Among the aforementioned concept stocks favored by retail investors, several stocks were temporarily halted multiple times during Wednesday's US stock trading due to significant declines. Despite narrowing significantly by the closing, GameStop still plummeted by 18.9%, AMC Entertainment fell by 20%, Koss dropped by 19.2%, BlackBerry fell by 6.9%, and SunPower closed near its daily low, down by 29%.
After the sharp drop on Wednesday, GameStop, AMC, and others gave back about half of the gains from the past two trading days.
In recent trading days, the trading volume of retail investors' collective stocks has significantly increased, although the volume on Wednesday was noticeably lower than the previous two days, showing a decrease in trading activity.
The sharp drop in retail investors' collective stocks on Wednesday is related to AMC's "cashing out." AMC disclosed in a filing that it will issue 23.3 million shares of stock in exchange for notes due in 2026 with a principal amount of $164 million. As a result, the price increase of AMC Entertainment's junk bonds expanded. The company's 10% junk bond due in June 2026 rose by 1.5 cents to 87 cents, and the 7.5% junk bond due in February 2029 also rose by 3.25 cents to 78.25 cents.
Analysis indicates that unlike AMC, GameStop did not take advantage of the stock price surge to issue new shares.

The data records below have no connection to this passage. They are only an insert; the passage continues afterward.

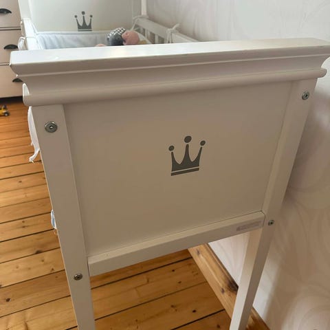 Säljer spjälsäng Troll Royal inklusive ”Lux juniorsida”.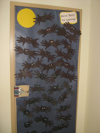 door with happy bats, lower photo. The 5th and 6th grade art classes decorated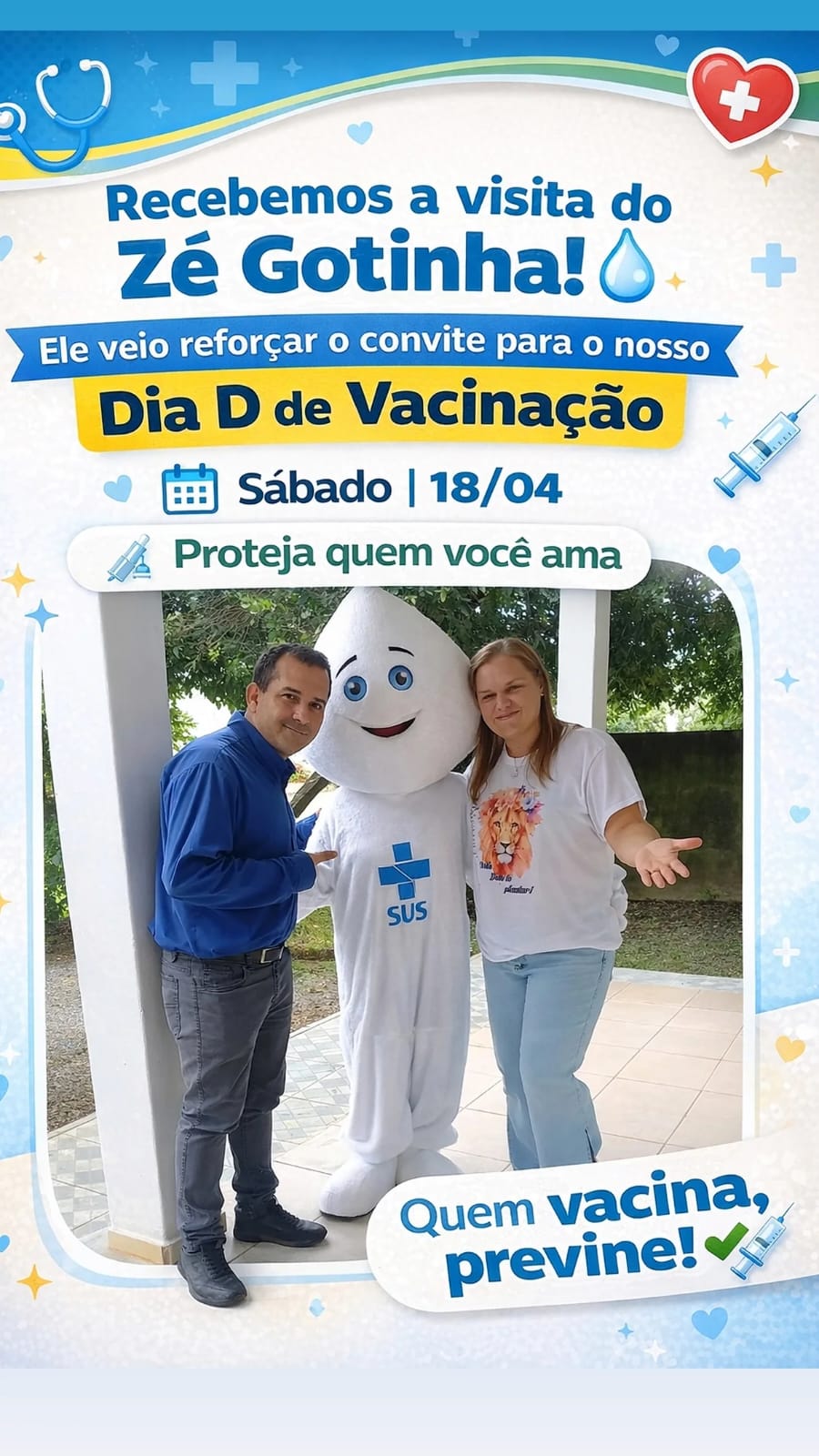Em Campo Novo do Parecis, o Zé Gotinha está chamando atenção da população na feira e levando educação permanente para o SIM, vacina e vida!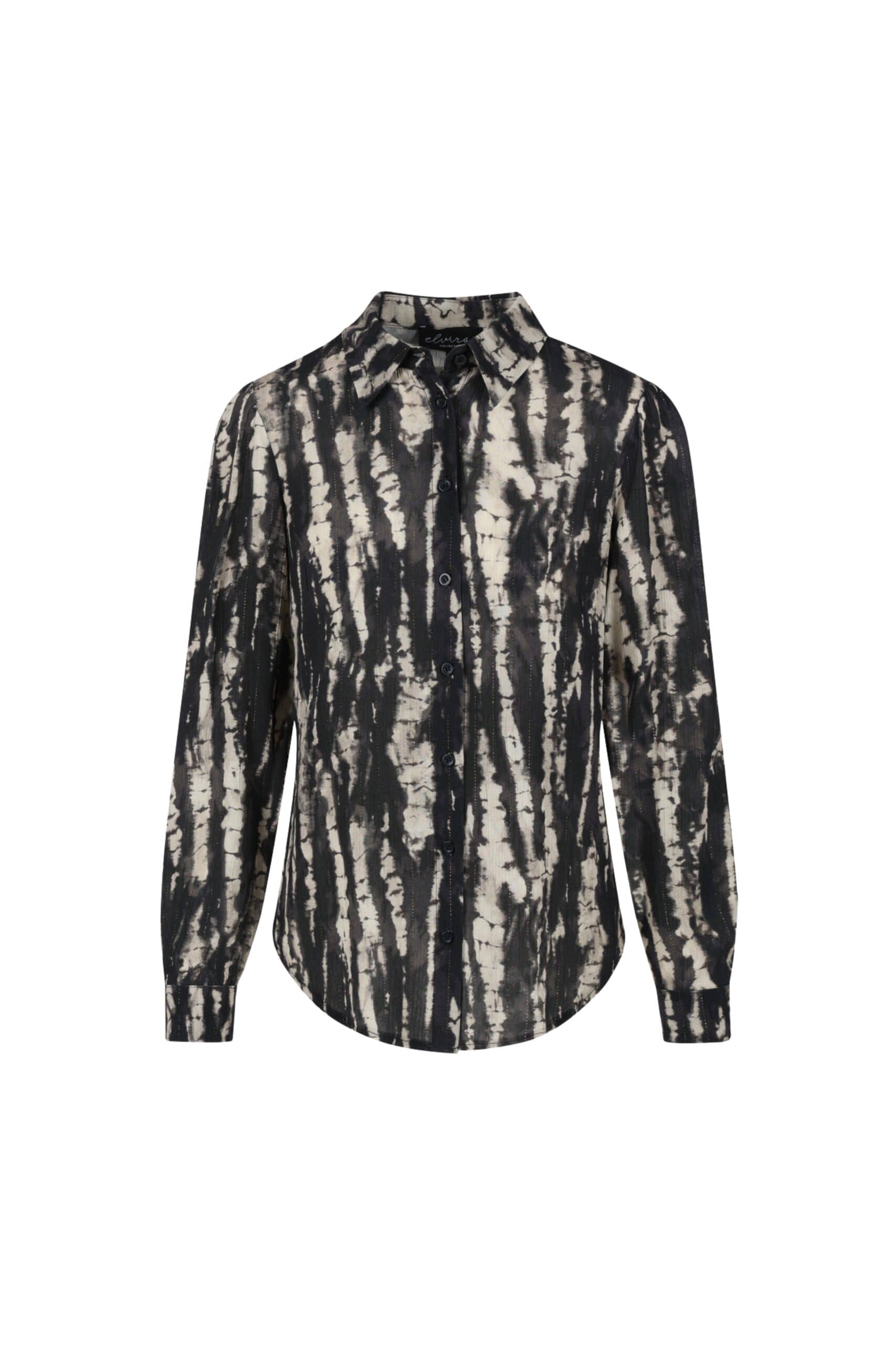 De Blouse Loes van Elvira is een elegante blouse met lange mouwen en een klassieke kraag. De blouse is uitgevoerd in een all-over dessin met een subtiele glitterdraad (lurex) erin verwerkt, wat zorgt voor een sprankelende finish. De blouse heeft een klassieke knoopsluiting.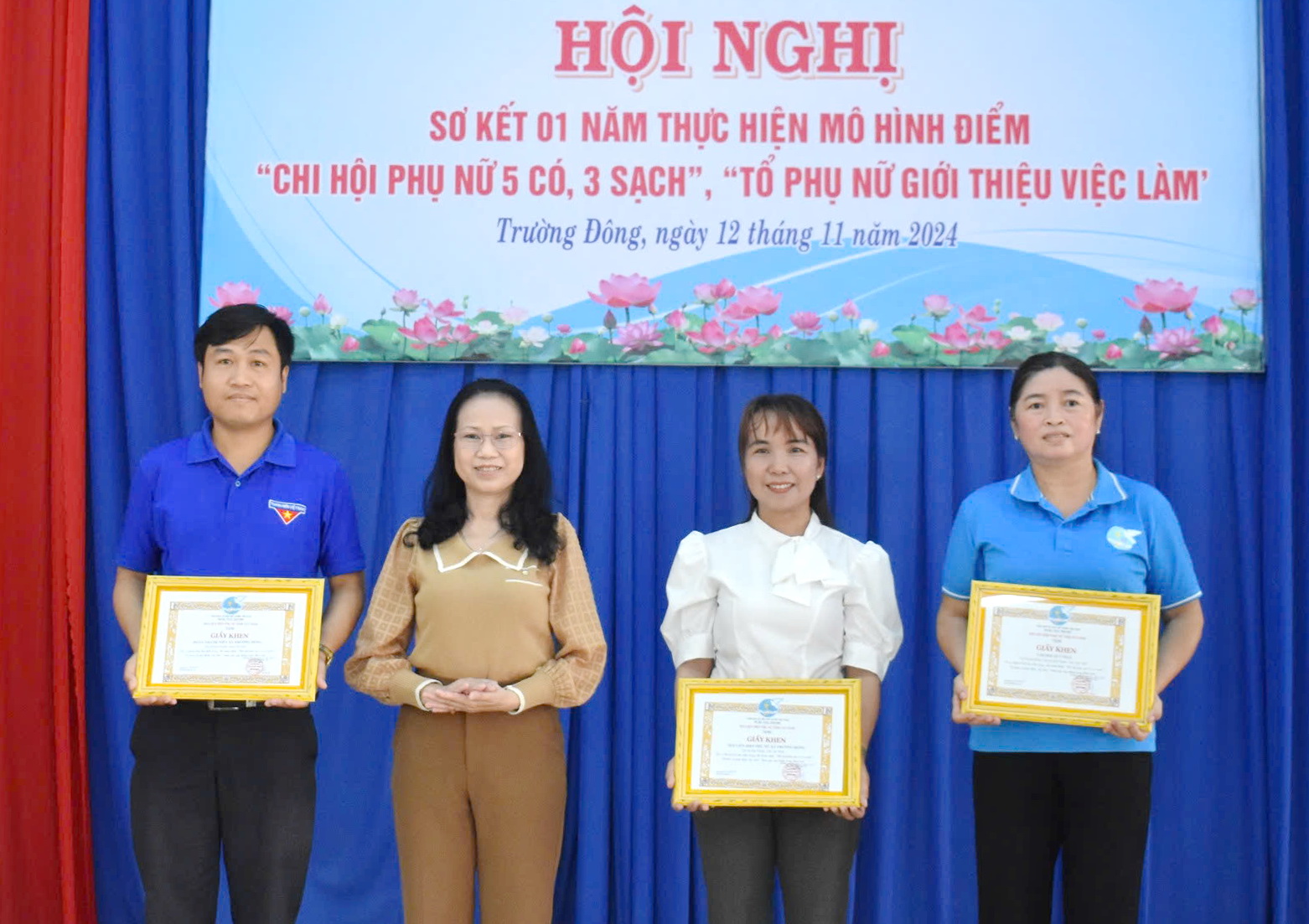 Dịp này Hội LHPN tỉnh tặng giấy khen cho 3 tập thể và 5 cá nhân có thành tích tiêu biểu trong triển khai, thực hiện mô hình. Hội LHPN xã Trường Đông trao 60 phần quà cho hộ gia đình hộ nghèo, hộ cận nghèo, người bán vé số có hoàn cảnh khó khăn trên địa bàn xã với tổng trị giá 24 triệu đồng.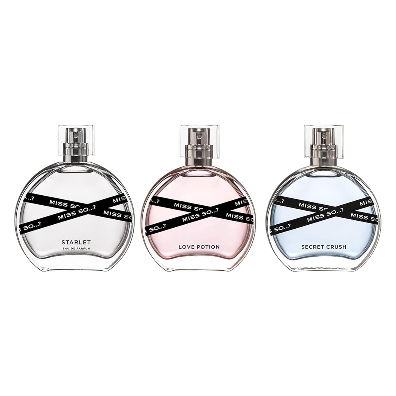 - 3 Distinct Scents: The Miss So perfume set includes three unique fragrances. Secret Crush with floral notes and a musk base, Starlet with fruity notes and a creamy base and Love Potion with fruity notes and a floral base.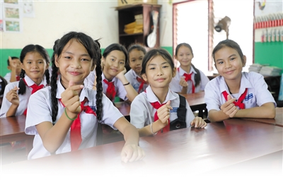 在老撾占塔布里縣中老友好農(nóng)冰村小學的教室里,學生們用手比心,表達對中國的感謝。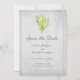 Convite elegante e simples para salvar a data do casamento, apresentando uma concha vintage contra um fundo cinza desgastado. Este design é uma escolha única para anunciar um casamento moderno. Fácil de personalizar com os detalhes do seu casamento. Clique em "Personalizar" para encontrar mais opções de personalização.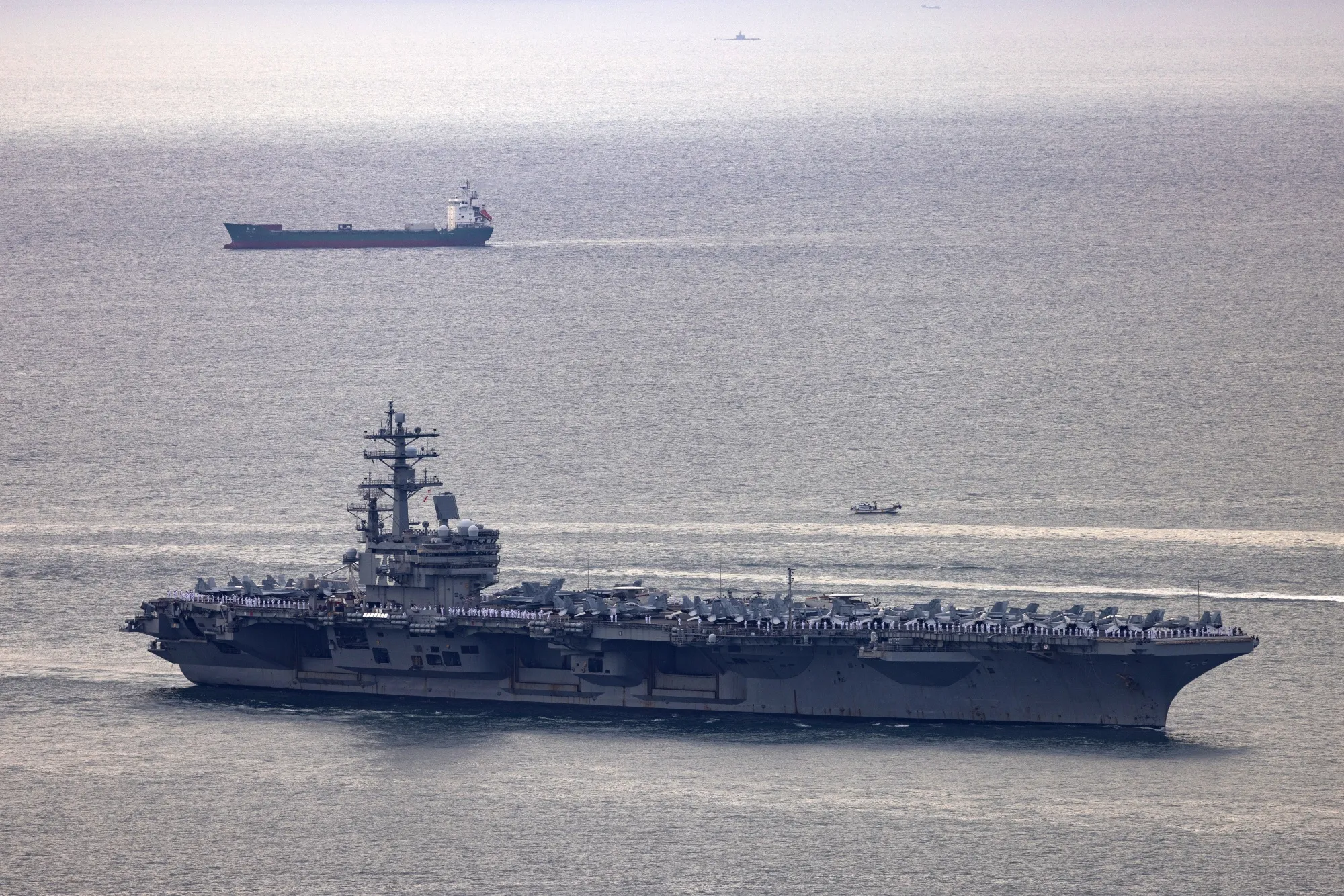 美国海军第七舰队的一部分,航母“罗纳德·里根号”,展示了美国在太平洋的实力。

Apparently, prior to this rally, GameStop was not prepared with the so-called "at-the-market filing," otherwise it could have conducted a new share issuance without additional filing procedures.
In fact, even without regulatory issues, if GameStop were to issue new shares, it would be the first issuance since raising over $1 billion in 2021, which could anger loyal fans as they have praised GameStop's clean balance sheet: minimal debt and nearly $1 billion in cash. This was one of the reasons why GameStop was considered cheap just a week ago.
Michael Pachter, an outspoken analyst at Wedbush, stated that if GameStop were to issue shares, it could signal to investors that the company acknowledges it's time to cash in.
In contrast, AMC, which seized the opportunity of the surge, is currently negotiating with its creditors to extend the debt maturity. As of the end of the first quarter, before the debt-to-equity conversion, AMC had $624 million in cash and about $4.5 billion in debt, including $2.8 billion due in 2026 Industry insiders believe that the current bullish reasons for GME investors are all focused on the strong trend trading of meme stocks, which may still provide support for the stock price. However, from a fundamental perspective, the near-optimal scenario has already been largely reflected in the stock price.
It should be noted that GME is expected to announce its quarterly financial report soon, and it may have already decided not to or cannot accelerate the disclosure process required by the U.S. Securities and Exchange Commission (SEC) to sell new shares. GME has traditionally released its performance report before the mid-June investor annual meeting, but has not yet formally announced the date of the financial report release, and the company has not immediately responded to media requests for comments on the release date of the financial report.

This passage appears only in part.